Magistrado ponente: Gustavo José Gnecco Mendoza

Decreto 2591 de 1991

Doctor Radicación No. 14303 CORTE SUPREMA DE JUSTICIA SALA DE CASACIÓN LABORAL Magistrado Ponente: GUSTAVO JOSÉ GNECCO MENDOZA Radicación No. 14303 Acta No. 102 Bogotá, D. C., treinta (30) de noviembre de dos mil cinco (2005). Decide la Corte la impugnación interpuesta por MÓNICA DEL ROSARIO PORTO PORTO contra el fallo proferido por la Sala Laboral del Tribunal Superior del Distrito Judicial de Cartagena, de fecha 2 de septiembre de 2005, que denegó la tutela promovida por la impugnante contra la CAJA DE RETIRO DE LAS FUERZAS MILITARES.

I.

ANTECEDENTES Mónica del Rosario Porto Porto instauró la acción de tutela por considerar vulnerados sus derechos fundamentales al buen nombre, honra, trabajo, igualdad y petición. En sustento de sus pretensiones adujo como hechos, entre otros, que la Caja de Retiro de las Fuerzas Militares publicó en su página web y en su boletín Cremil, edición 42, de junio de 2005, bajo el título “Aclaraciones sobre Prima de Actualización”, lo siguiente: “Algunos abogados, sin fundamento legal, les están ofreciendo a los oficiales y suboficiales hacerles reajustar las asignaciones a partir de 1996, con base en el porcentaje de la prima de actualización”, lo que le ha causado serios perjuicios profesionales; y que mediante derecho de petición del 1º de julio de 2005 solicitó la rectificación de las afirmaciones.

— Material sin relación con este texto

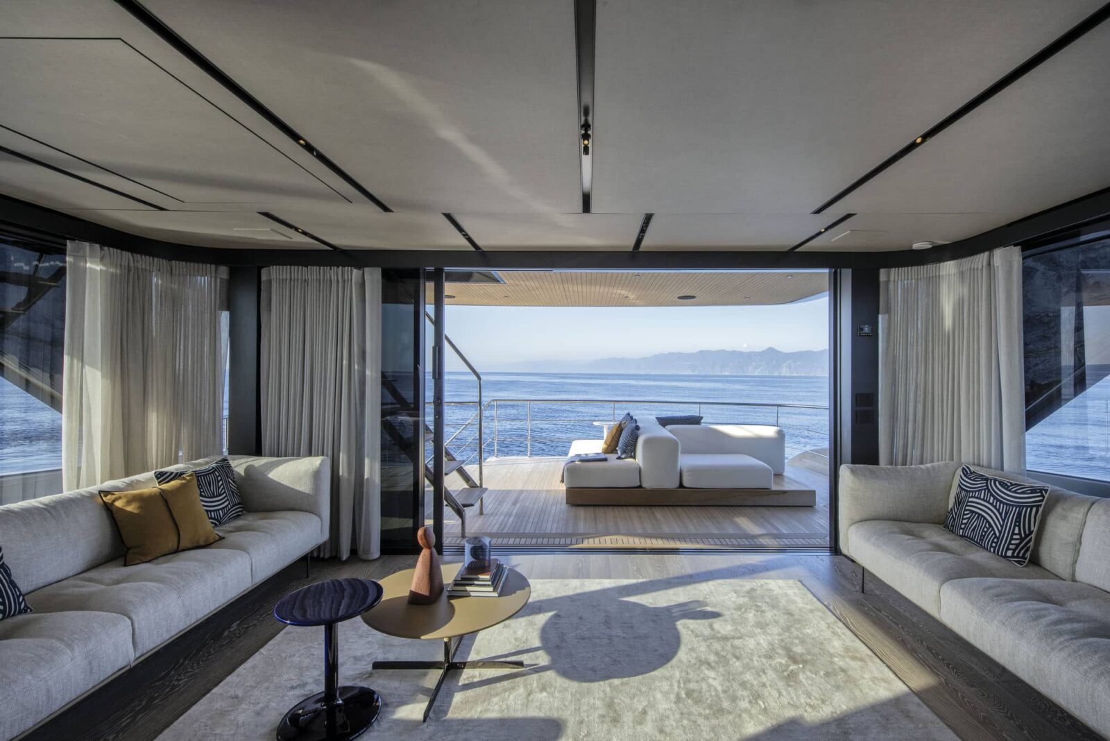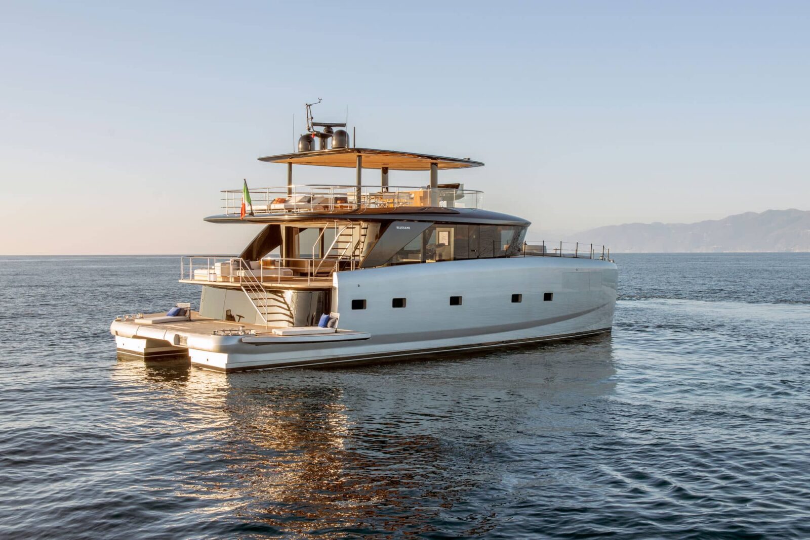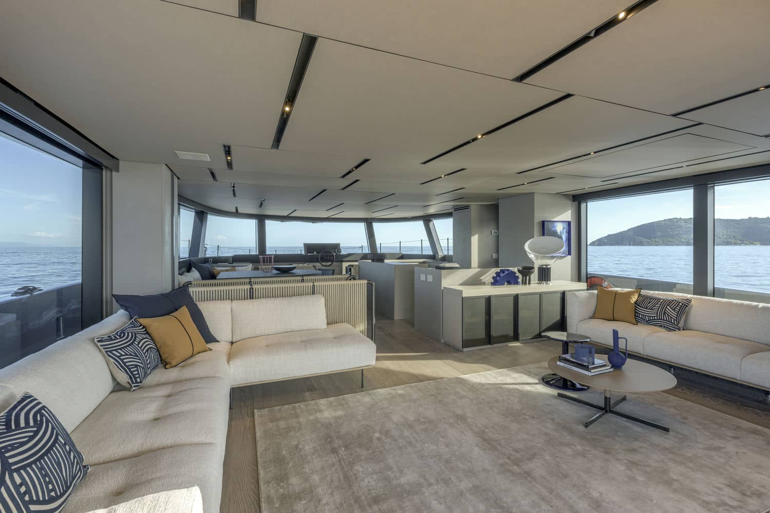 Bluegame’s first multihull, the BGM75 was designed by Bluegame’s Chief Designer Luca Santella and Bernardo Zuccon of Zuccon International Project. The BGM75 features a sleek profile and a generous 8.15m beam, as well as folding aft terraces that add 2m to the width. The model offers 50 per cent more room than a monohull of the same length, according to the Sanlorenzo-owned brand.

Sostiene que la publicación efectuada por la entidad accionada es absolutamente falsa y mal intencionada, lo que ha implicado que muchos de sus clientes hayan desistido de otorgarle poder para representarlos profesionalmente ante dicho organismo como abogada. Pretende con esta acción, que se amparen los derechos fundamentales invocados; y que se ordene al Director de la Caja de Retiro de las Fuerzas Militares, Mayor General (r) RODOLFO TORRADO QUINTERO, que dentro de un plazo perentorio proceda a rectificar en igualdad de condiciones la información que se publicó en la página 10 del boletín CREMIL, edición 42, de junio de 2005, bajo el título “ACLARACIONES SOBRE PRIMA DE ACTUALIZACIÓN”, y en la página web de dicha entidad.

La autoridad militar accionada explicó al Tribunal las razones que la llevaron a publicar la información cuestionada, entre ellas, una sentencia del Consejo de Estado, de fecha 15 de abril de 2004, y que a la accionante se le indicó que en la publicación no se hacía referencia a ella ni a ningún otro profesional del derecho en particular, ni se pusieron en tela de juicio sus capacidades como abogada; y que por no estar vulnerando derecho fundamental alguno de la accionante y no existir “error en la información publicada, no procederá a realizar rectificación alguna sobre el particular.” (folios 8 a 11).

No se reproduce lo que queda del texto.